U.K. police around the country failed to share details of allegations of sexual abuse against Jimmy Savile, allowing the former British Broadcasting Corp. television star’s crimes to go undetected during his lifetime.
In addition to communication failures, Her Majesty’s Inspectorate of Constabulary said in a report today that only five allegations of sexual assault related to Savile were made to police between 1955 and 2009, raising “serious concerns over why so many victims felt unable to come forward.”
Savile, who died in 2011 at the age of 84, committed more than 200 criminal sexual-abuse offenses at the BBC, over a dozen hospitals, mental homes and a hospice, the Metropolitan Police Service said in a separate report in January. The Crown Prosecution Service said it could have filed three cases against Savile in 2008 if police had conducted investigations properly.
“The case against Savile would have been better informed and made more compelling if the various strands had been brought together in one investigation,” and given to prosecutors “as a whole,” the HMIC, which assesses police forces across the country, said in its report today.
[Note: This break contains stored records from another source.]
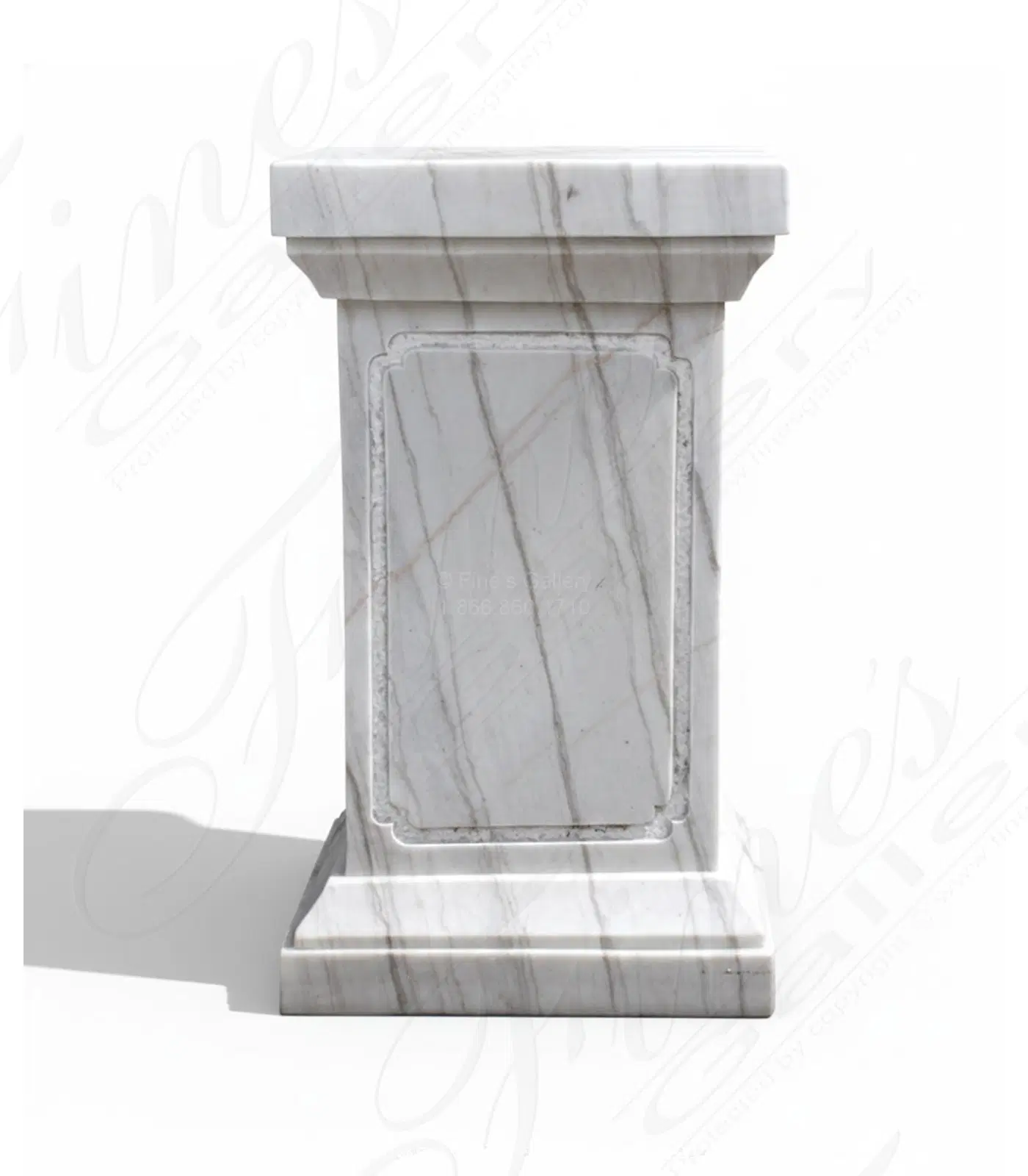 White and Gray Marble Square Base - Classic Statue Pedestal with Natural Veining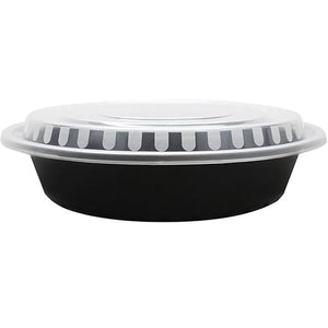 Karat - 9", 48 Oz Polypropylene Black Base Round Container Combo with Clear Lid, Pack of 150 - KARIMFC4048B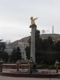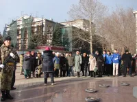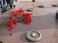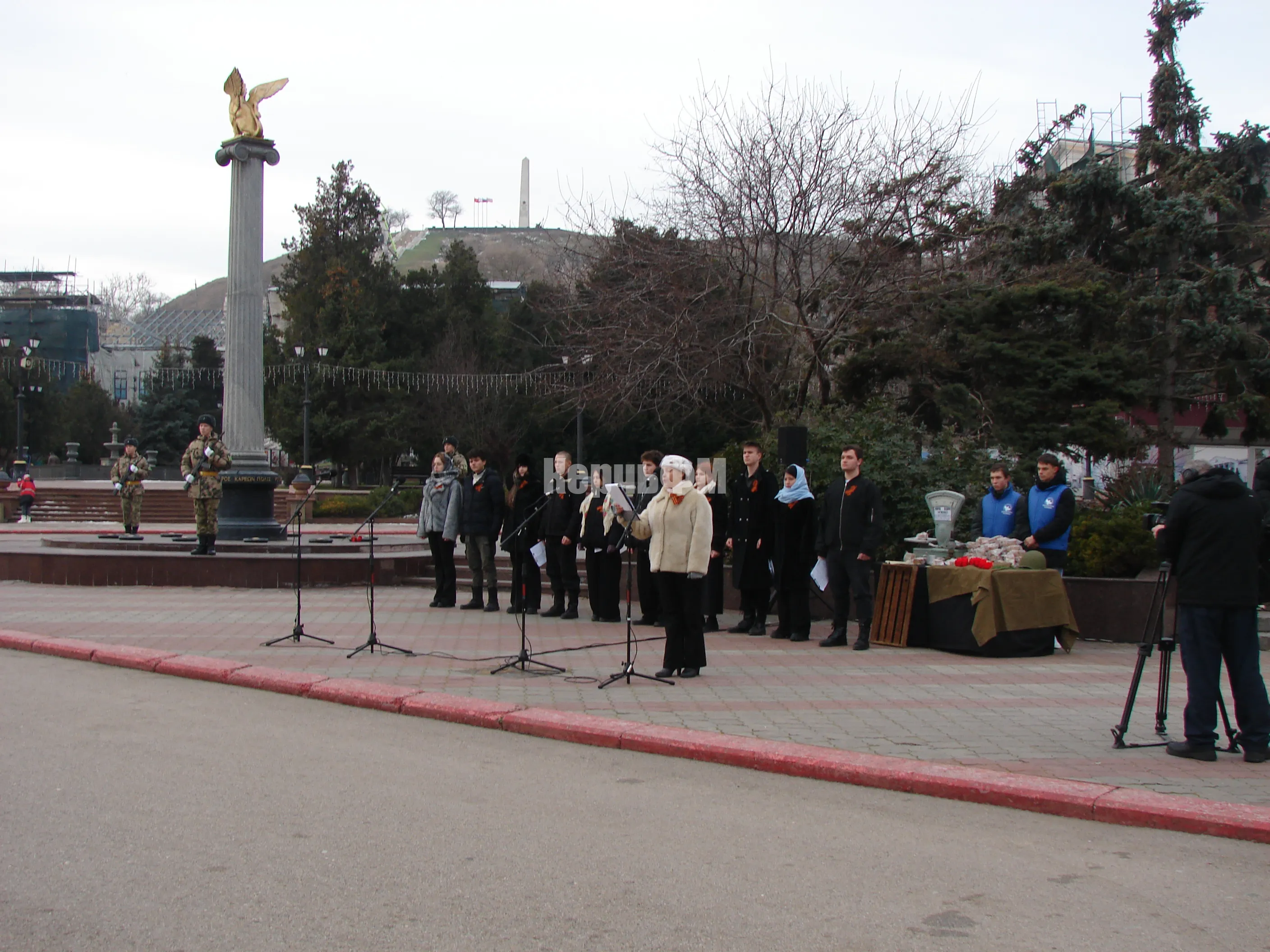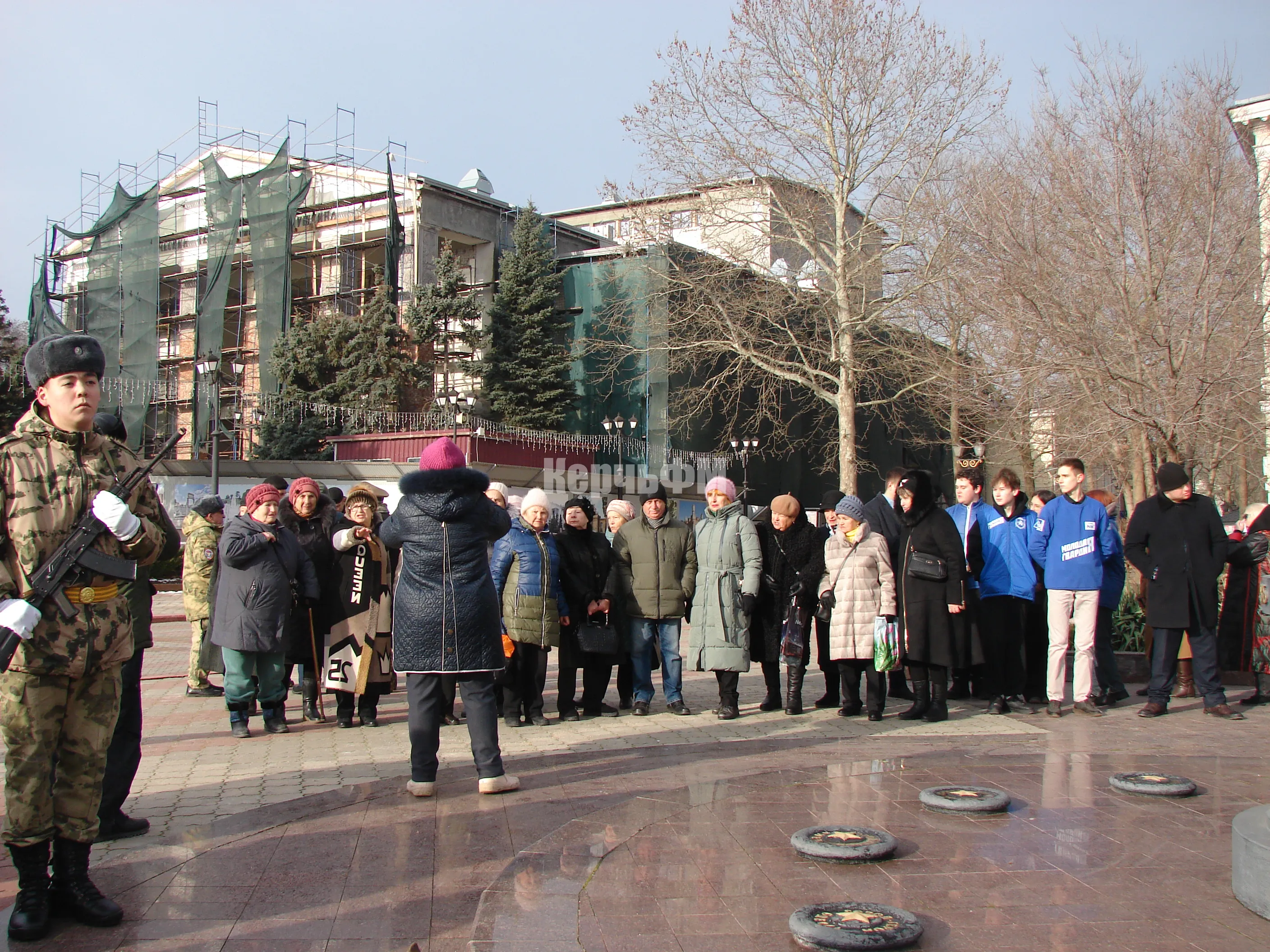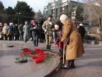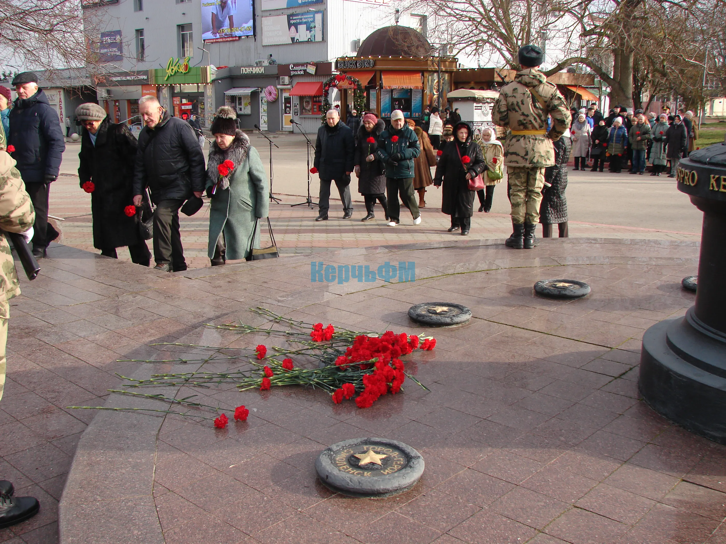 В Керчи сегодня состоялась торжественная церемония возложения цветов к капсуле с землей города-героя Ленинграда у Пантеона Славы в память о погибших.

The report, commissioned by Home Secretary Theresa May, examined five allegations of criminal conduct and two pieces of “intelligence information,” made against Savile at different U.K. police forces while he was alive.
‘Jim’ll Fix It’
Savile, who starred on BBC shows including “Top of the Pops” and “Jim’ll Fix It,” engaged in the conduct until at least two years before his death when he put his hand up the skirt of a 43-year-old woman on a train, the MPS has said. His youngest victim was an 8-year-old boy and most were girls between 13 and 16.
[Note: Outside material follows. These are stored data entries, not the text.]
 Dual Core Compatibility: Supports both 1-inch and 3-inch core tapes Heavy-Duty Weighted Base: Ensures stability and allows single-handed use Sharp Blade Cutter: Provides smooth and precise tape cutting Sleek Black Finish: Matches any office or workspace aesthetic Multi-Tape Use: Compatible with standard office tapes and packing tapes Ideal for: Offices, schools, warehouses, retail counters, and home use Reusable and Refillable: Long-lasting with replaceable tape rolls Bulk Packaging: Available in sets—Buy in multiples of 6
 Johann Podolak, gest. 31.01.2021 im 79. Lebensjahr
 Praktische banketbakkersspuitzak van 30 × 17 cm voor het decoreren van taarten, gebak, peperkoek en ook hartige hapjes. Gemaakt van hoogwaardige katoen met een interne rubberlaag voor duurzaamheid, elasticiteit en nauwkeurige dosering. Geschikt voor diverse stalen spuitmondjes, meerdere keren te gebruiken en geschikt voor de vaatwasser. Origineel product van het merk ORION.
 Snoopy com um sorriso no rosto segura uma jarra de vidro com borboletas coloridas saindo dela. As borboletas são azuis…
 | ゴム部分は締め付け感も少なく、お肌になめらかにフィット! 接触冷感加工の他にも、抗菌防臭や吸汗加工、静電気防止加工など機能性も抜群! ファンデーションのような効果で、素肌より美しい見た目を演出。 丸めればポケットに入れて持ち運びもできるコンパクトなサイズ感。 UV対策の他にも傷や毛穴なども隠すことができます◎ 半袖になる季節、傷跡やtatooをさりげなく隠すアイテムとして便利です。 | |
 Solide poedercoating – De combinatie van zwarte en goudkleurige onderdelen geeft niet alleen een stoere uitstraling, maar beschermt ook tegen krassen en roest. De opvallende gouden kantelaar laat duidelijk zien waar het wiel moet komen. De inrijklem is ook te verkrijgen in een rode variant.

The CPS said earlier this month that it would start a panel to re-investigate historic allegations of misconduct that police chose not to pursue.
“The findings in this report are of deep concern, and clearly there were mistakes,” Drusilla Sharpling, an HMIC inspector, said in an e-mailed statement. “More needs to be done, and it is neither enough nor correct to say ‘this couldn’t happen now.’”
The BBC was plunged into crisis after competitor ITV Plc aired a story in October about five women who said they were abused by Savile, which triggered the police investigation. Former BBC Director General George Entwistle stepped down Nov. 10 as a result of the scandal, which includes claims the BBC dropped an earlier news investigation into Savile’s abuse and instead aired tributes following his death.
The Metropolitan Police Service said there were lessons to be learned from the “landmark” case.
“Although we are satisfied our officers followed the correct procedures in place at the time, HMIC have rightly highlighted the complexities of managing police information nationally,” the police force said.